November 25, 2024
Column

Criminal ineptness runs amok

After reading the local crime news in the newspapers, one might conclude that although ineptness in the commission of a crime is not a crime, it probably ought to be.

I suppose that our homegrown outlaws are no more bungle-prone than their counterparts plying their chosen craft in other jurisdictions, but at times they do seem to be trying hard to break free from the pack.

Consider the evidence:

. A forgetful thief steals a jacket from a central Maine department store and, as the store’s surveillance camera shows, wears it out the front door. Although he doesn’t leave an engraved invitation to police investigating the heist to stop by his house for pizza and beer, he does leave behind something just as neighborly: His old jacket, which contains his photo identification. Oops.

. Three men allegedly burglarize seven area businesses and are about to call it a night, when they discover that their getaway vehicle won’t start in the damnable January chill. Which is fine, because they also lose the car keys in a snowbank. Footprints around the disabled vehicle match footprints found at all other break sites, and the vehicle’s registration leads police to the suspects and the booty. Game over.

. An armed man with a pillowcase over his head holds up an area pharmacy, demanding drugs. A pharmacist gives him bottles filled with M&M candies. During an ensuing police chase, the man, who is a diabetic, swallows some of the candy, believing it to be narcotics. When police collar him, he is feeling ill and they take him to a hospital as a precaution before booking him.

And so on, and so forth.

The pillowcase caper was mindful of an Associated Press wire story from a few years ago that I found in my file concerning a robber in Jacksonville, Fla., who showed up with a bag over his head to stick up a supermarket.

According to a clerk, the bag had eye holes, but the holes had shifted during the robbery, leaving the robber eyeless. Plus, during the robbery the bag was torn and the clerk recognized the guy as a regular customer. Operating on the cheap and forsaking the basic ski mask – accessory of choice for most aspiring stickup artists – the robber was quickly bagged by the cops.

Even so, he seemed somewhat smarter than the Chicago bank robber described in a United Press International clipping included in the booklet, “True and Tacky, News Stories From The World’s Newswires,” compiled by Monica Hoose and Carolyn Naifeh and published by Topper Books in 1990.

The man, who police believe had staged three previous robberies at the same bank, was arrested after reintroducing himself to a teller he had robbed the previous December and passing her the same note used in that robbery. “Do you remember me?” he asked the teller. “Sure do,” she replied, as she sounded an alarm and police swooped in.

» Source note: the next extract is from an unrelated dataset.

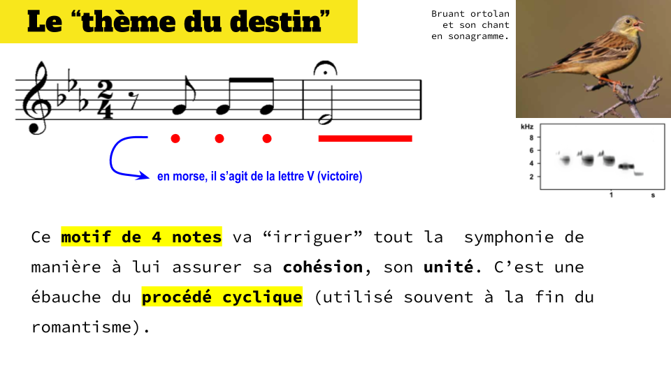 On doit rappeler ici la fameuse anecdote selon laquelle, à une question posée par Schindler au sujet de la signification des 4 notes d’ouverture, Beethoven aurait répondu : « ainsi le Destin frappe à la porte ».
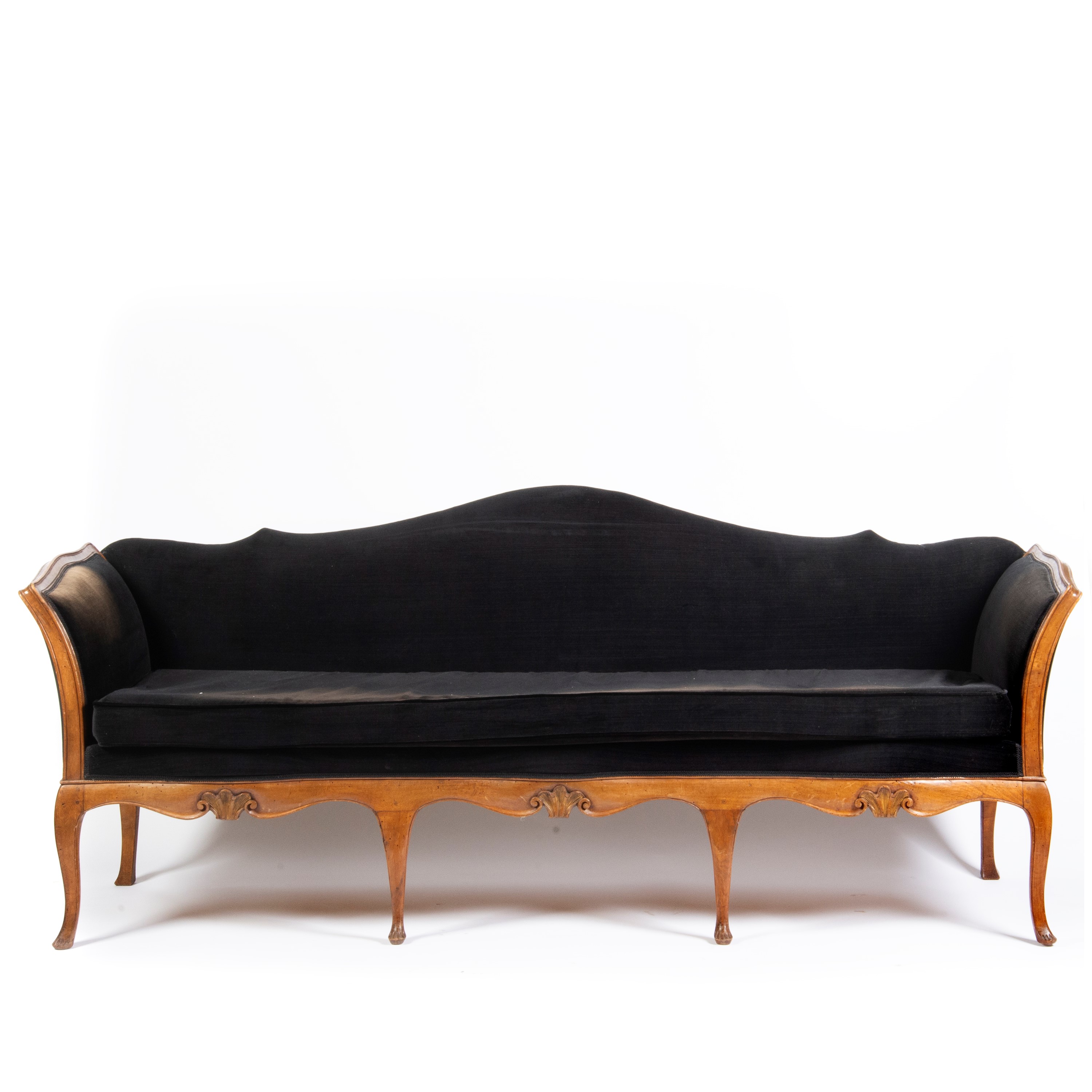 in noce intagliato, braccioli e schienali mossi, rivestito in velluto, cm L211xP70xH80

The Chicago loser was having as bad a day as the gunman who entered a Pittsburgh gas station, demanded money and then stuffed the pistol into the front of his pants. The weapon fired and the man screamed and ran away, sans cash box receipts, police said. Can’t say that I blame him a whole lot. Cops hoping to close the case reportedly were looking for a chap who walks gingerly and speaks in a squeaky falsetto voice.

A bigger loser, still, was a Virginia man charged with murder who, according to a UPI wire story, plea-bargained his way to a 40-year jail sentence while a deliberating jury was voting to acquit him.

In Yokkaichi, Japan, police were reported to be searching for a man dressed in a monkey suit who pulled a knife on a convenience store clerk and demanded money, before losing his nerve and fleeing the scene of the crime – no doubt hoping authorities would conclude that he had just been monkeying around.

It wasn’t lack of nerve that did in a miscreant out in the heartland. It was his rotten luck. According to Cleveland news media reports, a man was charged with impersonating a police officer after he stuck a flashing blue light on the dashboard of his vehicle, pulled over a female motorist at 2:30 a.m. and shined a high-beam flashlight on her.

He told the woman he was a police officer and that he had stopped her for driving erratically. Although he wasn’t a cop, she was.

When the plainclothes detective called for police backup, the jig was up. History had recorded yet another happy ending to a story of bungling ineptitude.